I am opposed to the Orange County Water District entering into a non-binding water purchase agreement with Cadiz Inc. as it is yet another water scheme that is both economically and environmentally flawed. Even though the amount of water being proposed for purchase by OCWD is trivial, less than 1% of its demand, it would consume far more than 1% of staff time, and divert attention away from worthy projects like the Groundwater Replenishment System expansion.

If you are not familiar with Cadiz, it is no surprise. Only water wonks and desert rats have been paying attention. Cadiz is the bad idea of its originator, Keith Brackpool who, according to Michael Hiltzik of the Los Angeles Times, “ came to the U.S. after pleading guilty to criminal charges relating to securities trading in Britain.” Brackpool’s idea is to mine fossil water from a 34,000 acre tract of land the company owns in the Mojave Desert, and then pipe it to Orange County.

To reach this objective, the company has to achieve a number of feats, not the least of which is to, (1) avoid preparing an EIS (Environmental Impact Statement) and, (2) gain access to the Colorado River Aqueduct which is owned and operated by the Metropolitan Water District of Southern California. If Cadiz can avoid an EIS, they can then avoid the scrutiny of USGS hydrologists who take issue with the Cadiz’ natural recharge rates which have been suggested by independent hydrologists to be up to 16 times higher than reality.

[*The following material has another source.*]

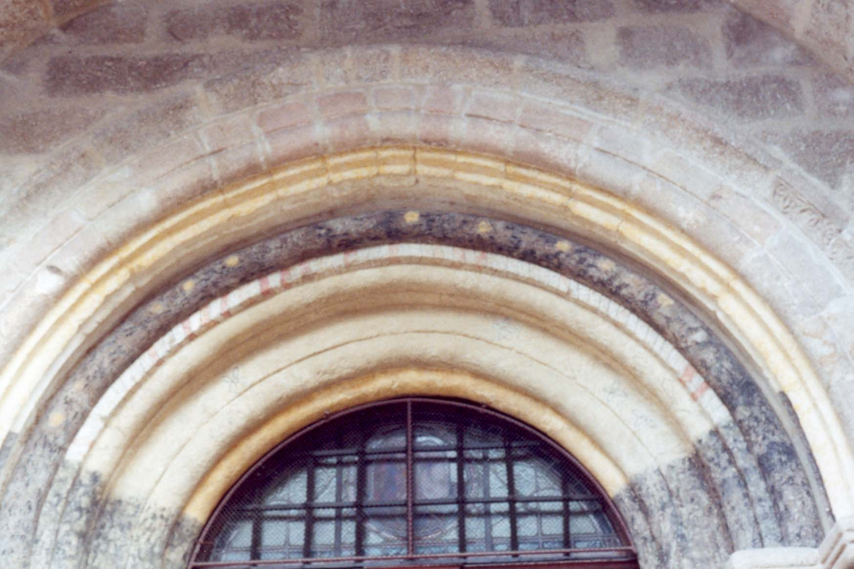 polychrome curves of the tympanum of the church of Dunières author: Jean-Pierre Riocreux 2001

Cadiz has contrived a unique “logic” to avoid such a review. Their proposal is to build a pipeline along an existing railroad right-of-way through BLM land. In order to do this they must present an argument that their water pipeline is somehow related to a railroad purpose. With a straight face, they propose to build much needed desert fire hydrants that the railroad can use to put out non-existent fires. Enough said.

The second effort, reaching an agreement with MWD, may be an even bigger challenge and not because Cadiz hasn’t greased the skids of nearly every politician and labor union in California. Former employees or board members include: former Los Angeles Mayor Villaraigosa, former Interior Secretary Bruce Babbitt, former Schwarzenegger Chief of Staff Susan Kennedy, to name a few.

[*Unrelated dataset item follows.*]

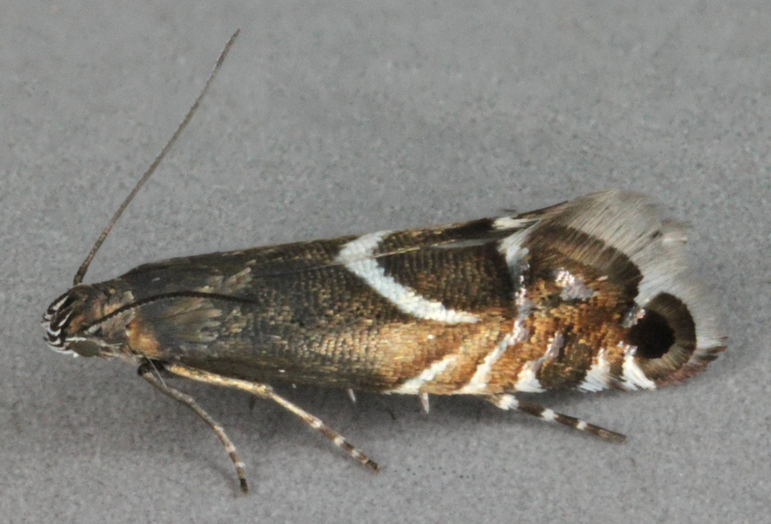 Glyphipterix schoenicolella, Cors Goch, North Wales, June 2012

No, the reason MWD is a challenge is two-fold, (1) MWD spent millions between 2002 and 2009 defending against a Cadiz lawsuit challenging an earlier denial, and (2) why would MWD forego its future ability for using the full capacity of its pipeline? But you never know, perhaps MWD needs some fire hydrants to put out fires along the aqueduct.

While there are many more reasons for OCWD to say no to Cadiz (including Chromium VI contamination and long term environmental consequences to our newly created Mojave Trails National Monument and Mojave National Preserve), it just makes no sense to pay $1500 for something you can get for $600. But that’s what we will be doing if the OCWD board goes along with Anaheim’s OCWD representative, Councilman Jordan Brandman, who fast-tracked this item onto the OCWD agenda. Brandman was defeated in his re-election for city council.

The Orange County Water District should deny entering into any agreement with Cadiz or at the very least, postpone their decision until the newly elected Anaheim City Council decides who they want representing them on the OCWD board. Hopefully they will choose someone who is willing to make a deep dive into the subject matter rather than just popping into a meeting long enough promote dubious projects.

Debbie Cook is a former mayor of Huntington Beach.  She serves as Board President of post carbon institute.